I just got some parts from a friend to build a milling attachment for my ancient mini lathe, so hopefully I’ll be able to use that to do a more “pro” job :slight_smile:

Ha, I was looking for this thread to make a correction in that post when the notification email popped up, I got the wire size wrong. xD

Try this: cut the copper pegs to length so you have around 1/16" sticking out both sides. Insert ALL the pegs, then file the tops flat while they're still clear of the solder pad, then push then down flush from the top, then do the squeeze/rivet expanding thing. MUCH less filing needed on the topside this way. Trimming the backside is no problem as it's got to be sanded flat anyway after all that abuse.

Oh, and doing it rivet-style is what gives you good contact, even with the initial clearance loose enough that it's easy to assemble. When squeezed the copper rivet gets shorter in the direction you squeeze it, and expands radially to create an interference fit in the hole I.D. The chamfer on top/bottom really isn't needed as the fit will be tight enough as-is, but what it does do is increase the surface area of the copper in the two spots where its needed most.

really sweet comfychair and thanks for the correction, I’ll definitely be giving this a go. I need to head to Home Depot this weekend for some other stuff, so I’ll pick some wire up while I’m there. What size drill bit do you use? I’m not very good with Imperial/ fractions :slight_smile:

great looking star by the way, looks very pro!

Drill is .079", 14ga copper wire is about .080". It's what I would call a 'light press fit', meaning you may need pliers, but only if you're afraid you might chip a thumbnail.

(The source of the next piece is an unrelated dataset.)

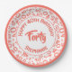 Birthday Age 40 Random Number Pattern Coral/White Paper Plate

Even if it's sloppy, if you have the copper peg long enough it will expand enough to fill it in. I just use 6" vise grips (with the jaws filed smooth, no nasty knurly grippers), squeeze a little, tighten the adjuster a bit, squeeze again, tighten adjustment, etc.

Cut up a bunch of little 1/8" long pieces of copper wire and squash 'em by themselves, get a feel for how much they will expand (quite a bit). Then practice doing rivets on some plain aluminum sheet, once you get it figured out you'll be able to feel when it's no longer squashing and has filled in the hole.

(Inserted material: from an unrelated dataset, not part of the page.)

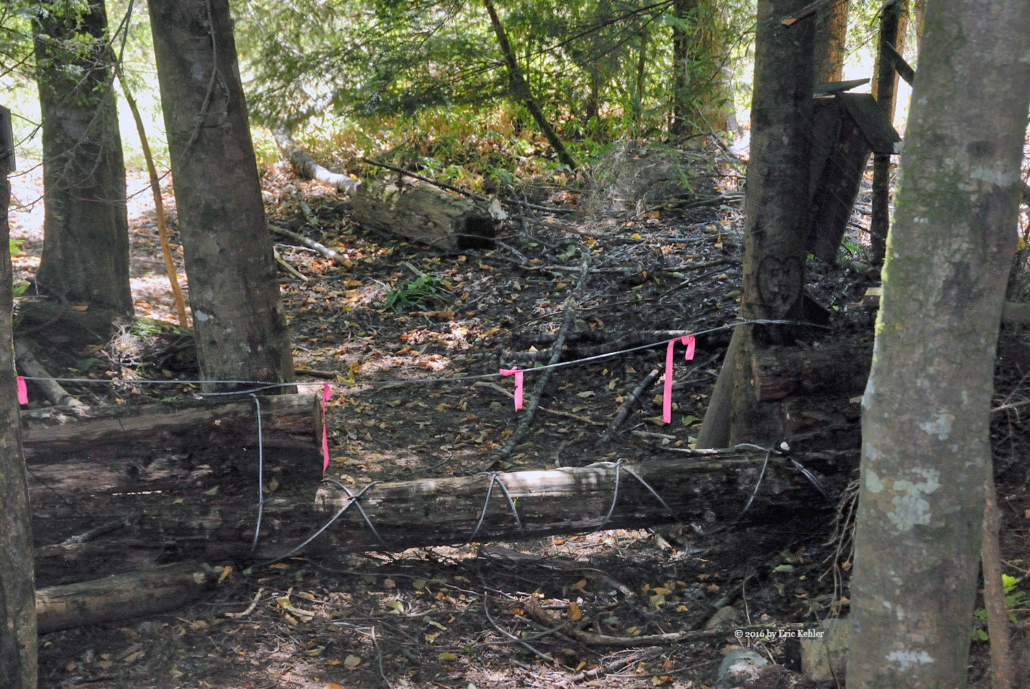 The forestry road was undergoing improvement and so there were a lot of cleared logs alongside the road and it had a much rougher and looser surface due to the work. It was no problem for our truck but poor Bruce was in the back seat getting some serious bounces. We followed the mainline to the designated fork and turned up it for a short distance and reached the marked spot for the start of the trail. The road was seriously dug out here, designed to stop all motorized vehicles. They did a very thorough job, even a motor bike would have second thoughts of continuing!

Oh and for the countersink/chamfer I use a Dremel round ball carbide burr, .100" dia. Turning it by hand, not in the Dremel! It's basically not doing much more than breaking the sharp edges around the holes.

Very clever. Great idea and thank you for the picture too.

I guess you could also extend this through the pill and chamfer the back of the pill instead of the MCPCB. Then press them as unit. Reflow the MCPCB to the pill first. This combines Nightcrawl’s and Comfychair’s great ideas.

EDIT: Sorry, just noticed the OP said the above already.
EDIT2: Well, kind of. Press into pill, not press together. Sorry, again guys. I am multitasking to much stuff at the moment.

thanks comfychair, I’ll check to see if I have a 5/64in drill at home (I do miss metric!). I’ll have to have a think about how to do the pressing in as my vise grips are large’n’nasty (mostly used on the car), so I may do better to rig something up to use in the vise instead.

I was thinking something similar and you wouldn’t have to worry so much about getting the “rivet” on the back of the pill as flush. You’d have to be very precise with the drilling so that the LED was centred properly, but this and a thin layer of thermal great under the star would make a fantastic thermal joint. Then all you’d have to do is reflow the LED to the star once it was all together. I may try this with the C20 host I have coming, although my drilling is notoriously crap (no drill press).

Matt, wouldn't you just use your lathe to drill the hole? Unless its a multi-emitter you're going for.